Paul reports from the Kroger. The Frenchman has arrived at the market and has cleared out the onions, celery, fresh thyme, garlic, lemon and has even stolen peppercorns from another shopper’s cart! Is the villain’s depravity without limit? Alton enters the purchases into a computer for analysis. When Paul reports the Frenchman’s purchase of white wine the computer has the answer. The Frenchman is making Court Bouillon and quite a lot of it.

Alton grabs ingredients. Court bouillon is a light poaching liquid that can elevate food’s flavor without covering it up. It is ideal for delicate meats and seafoods. Alton’s ingredients divide roughly into several categories: acidic liquids, aromatic vegetables and herbs. Into a saucier he measures water, wine and lemon juice. These are the acidic liquids. The water is especially important; Alton advises cooks with bad tasting tap water to use bottled water. Into the liquid go the aromatics: chopped onion, celery and a clove of garlic. The herbs chase them in: black peppercorns (whole, never cracked or ground), fresh thyme and a bay leaf. Alton brings this liquid to a boil and then backs it down to a simmer.

Why boil it first? To find out Alton finds Good Eats lab 4-A to ask its occupant: The Doctor.

At the market Paul gets careless and the Frenchman discovers him!

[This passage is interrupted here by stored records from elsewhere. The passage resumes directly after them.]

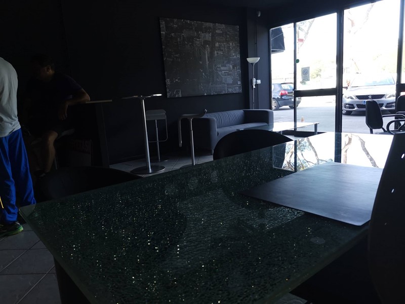 Fondo artigianale completamente ristrutturato, diviso in due locali, la stanza sul davanti completamente ristrutturata con impianto luci a led e con climatizzatore . una porta scorrevole divide con la stanza sul retro doppio bagno con antibagno .
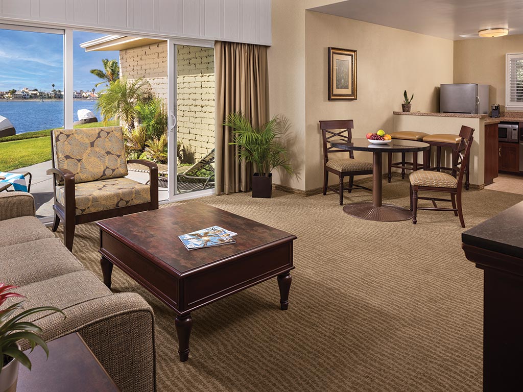 Spacious studios and one-bedroom suites provide room for families to spread out, with separate living areas that make early bedtimes for little ones (or late-night movies for teens) entirely doable. Kitchenettes in select rooms add another layer of ease – perfect for stashing yogurt cups, reheating leftovers from dinner, or keeping favorite snacks on hand. The coastal-inspired décor feels fresh yet unfussy, echoing the laid-back rhythm of Mission Bay just beyond the door.
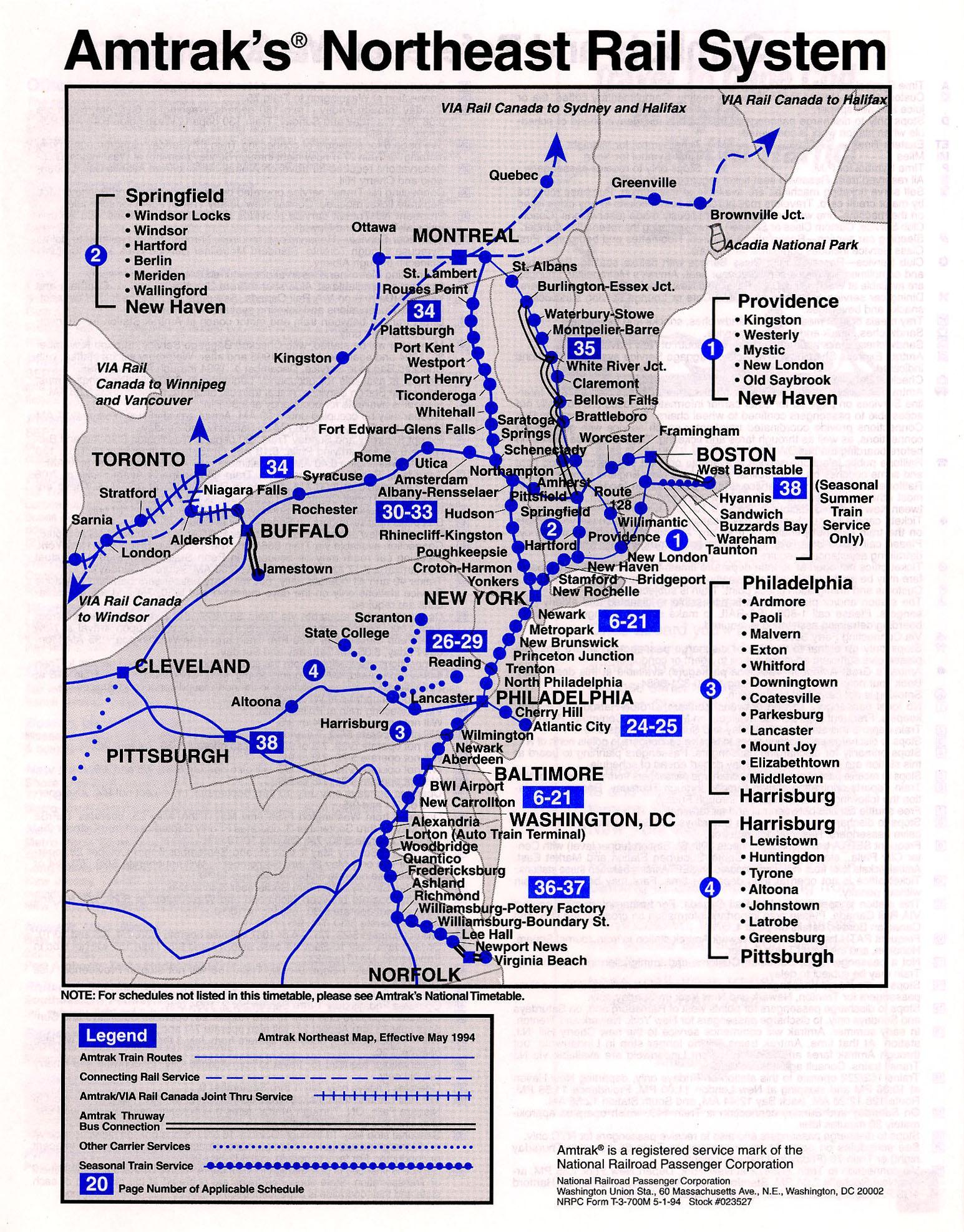 This timetable image is ©1994 National Railroad Passenger Corporation (Amtrak).

Alton enters a combination that sounds like a reedy version of the Good Eats theme to open the lab door. Inside, “The Doctor” has co-opted Alton’s fish tank to explain that most people find it hard to cook at a simmer. People prefer a boil because the explosion of bubbles is a clear signal that the water has reached the right temperature. To learn whether water is simmering Alton must use an instant read thermometer.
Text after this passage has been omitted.